# [TASK ITEM]
Give the data again in full, without pictures.

# [DATA SEGMENT]
......

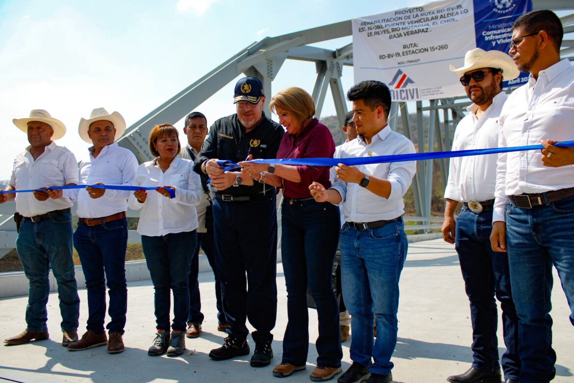 En Santa Cruz El Chol, Baja Verapaz se inauguró, este 22 de abril, el nuevo puente Lo de Reyes, destruido por la tormenta tropical Agatha en 2010. El acto lo presidieron el presidente Bernardo Arévalo; la ministra de Comunicaciones, Infraestructura y Vivienda, Jazmín de la Vega; la diputada Marleni Matías y el alcalde Enrique Milián. Esta obra, con una longitud de 126 metros y un ancho de 6 metros, con banquetas a los lados de 0.80 metros de ancho para el paso peatonal, reviste de importancia porque es la primera obra de este tipo que el actual gobierno hace entrega.
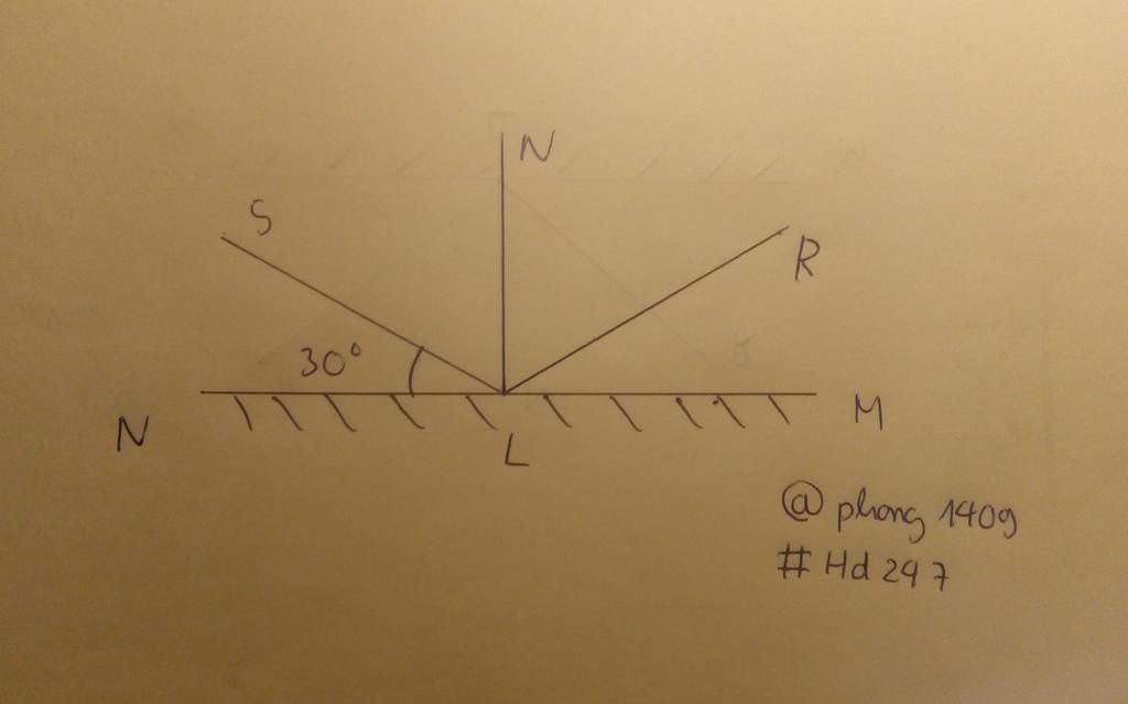 chiếu tia tới SL lên mặt gương phẳng MN và tia tới hợp với gương phẳng một góc 30° hãy tính giá trị của góc phản xạ
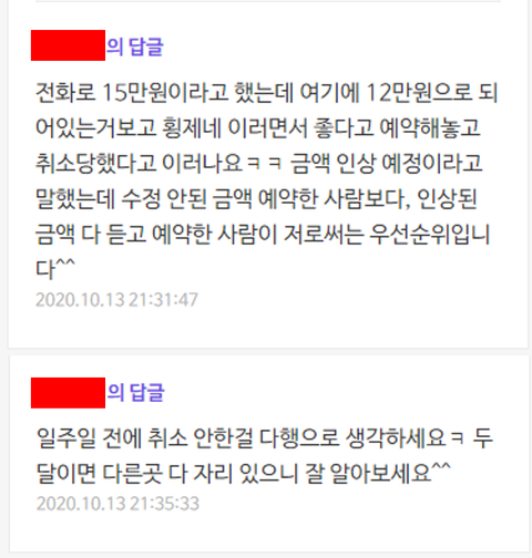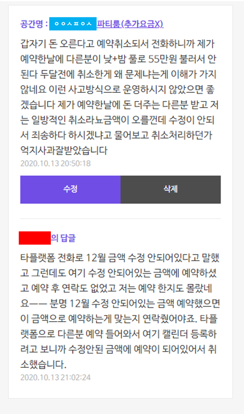 나한테 금액 잘못올렸다 사과하고 추가금액 설명 후에 내가 취소하면 다른 사람이 예약하던 말던 상관없는데 애초에 그냥 취소시키고 다른사람 추가라니?ㅋ...

......

# [RESULT FOR THIS TASK]
 En Santa Cruz El Chol, Baja Verapaz se inauguró, este 22 de abril, el nuevo puente Lo de Reyes, destruido por la tormenta tropical Agatha en 2010. El acto lo presidieron el presidente Bernardo Arévalo; la ministra de Comunicaciones, Infraestructura y Vivienda, Jazmín de la Vega; la diputada Marleni Matías y el alcalde Enrique Milián. Esta obra, con una longitud de 126 metros y un ancho de 6 metros, con banquetas a los lados de 0.80 metros de ancho para el paso peatonal, reviste de importancia porque es la primera obra de este tipo que el actual gobierno hace entrega.
 chiếu tia tới SL lên mặt gương phẳng MN và tia tới hợp với gương phẳng một góc 30° hãy tính giá trị của góc phản xạ
 나한테 금액 잘못올렸다 사과하고 추가금액 설명 후에 내가 취소하면 다른 사람이 예약하던 말던 상관없는데 애초에 그냥 취소시키고 다른사람 추가라니?ㅋ...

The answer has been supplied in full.